* [Problem requirements] The line with "Деревянный духовой инструмент", the line with "사진=고정화 기자 |", and all lines between them in the material below: return these exactly, and no others.

* [Task inputs]

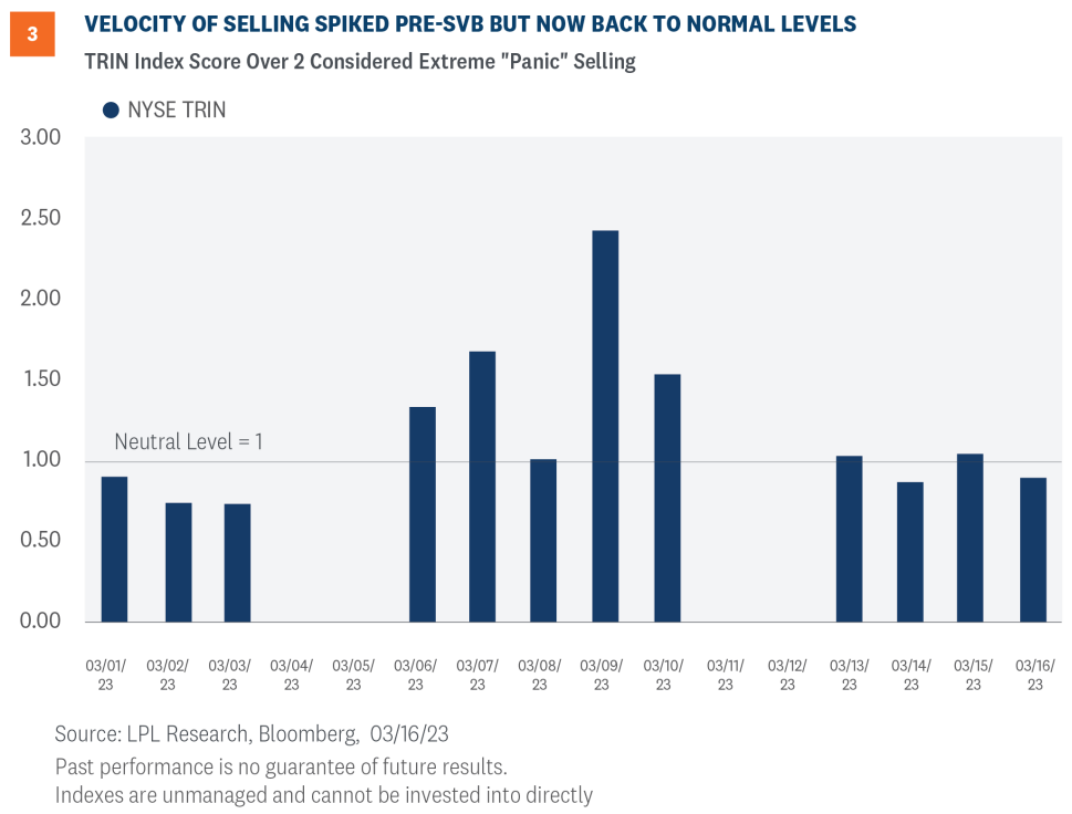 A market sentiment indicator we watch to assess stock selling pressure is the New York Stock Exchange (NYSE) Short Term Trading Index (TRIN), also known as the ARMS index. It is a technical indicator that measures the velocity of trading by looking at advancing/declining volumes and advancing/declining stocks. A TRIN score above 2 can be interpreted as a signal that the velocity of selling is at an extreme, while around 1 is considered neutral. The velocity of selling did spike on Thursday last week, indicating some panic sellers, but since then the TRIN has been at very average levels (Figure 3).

--

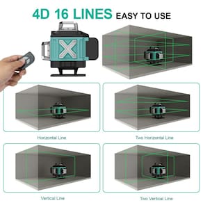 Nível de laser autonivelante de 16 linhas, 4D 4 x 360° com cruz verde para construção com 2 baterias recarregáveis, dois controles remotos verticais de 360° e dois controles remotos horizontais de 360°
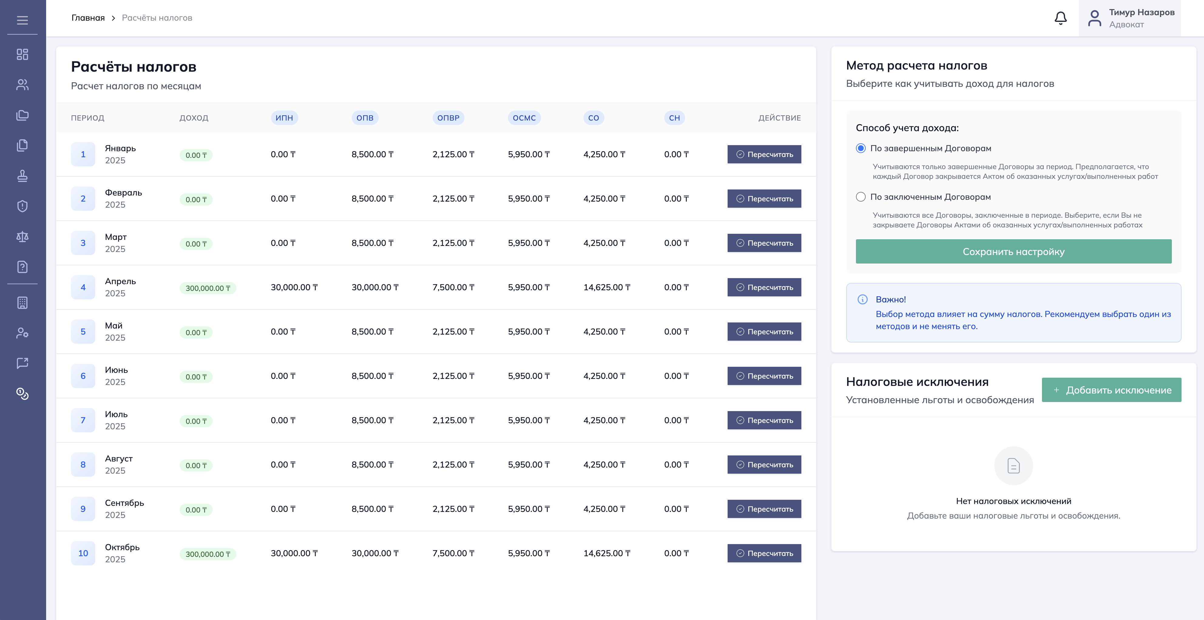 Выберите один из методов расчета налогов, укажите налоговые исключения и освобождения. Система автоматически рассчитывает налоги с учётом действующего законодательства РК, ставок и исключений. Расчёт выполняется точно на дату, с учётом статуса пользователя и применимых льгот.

---

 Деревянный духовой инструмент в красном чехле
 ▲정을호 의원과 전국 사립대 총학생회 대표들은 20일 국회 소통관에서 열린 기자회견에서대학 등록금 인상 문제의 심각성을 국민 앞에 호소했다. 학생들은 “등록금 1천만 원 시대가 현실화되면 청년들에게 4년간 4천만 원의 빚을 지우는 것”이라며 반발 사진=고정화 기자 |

* [Exercise answer]
 Деревянный духовой инструмент в красном чехле
 ▲정을호 의원과 전국 사립대 총학생회 대표들은 20일 국회 소통관에서 열린 기자회견에서대학 등록금 인상 문제의 심각성을 국민 앞에 호소했다. 학생들은 “등록금 1천만 원 시대가 현실화되면 청년들에게 4년간 4천만 원의 빚을 지우는 것”이라며 반발 사진=고정화 기자 |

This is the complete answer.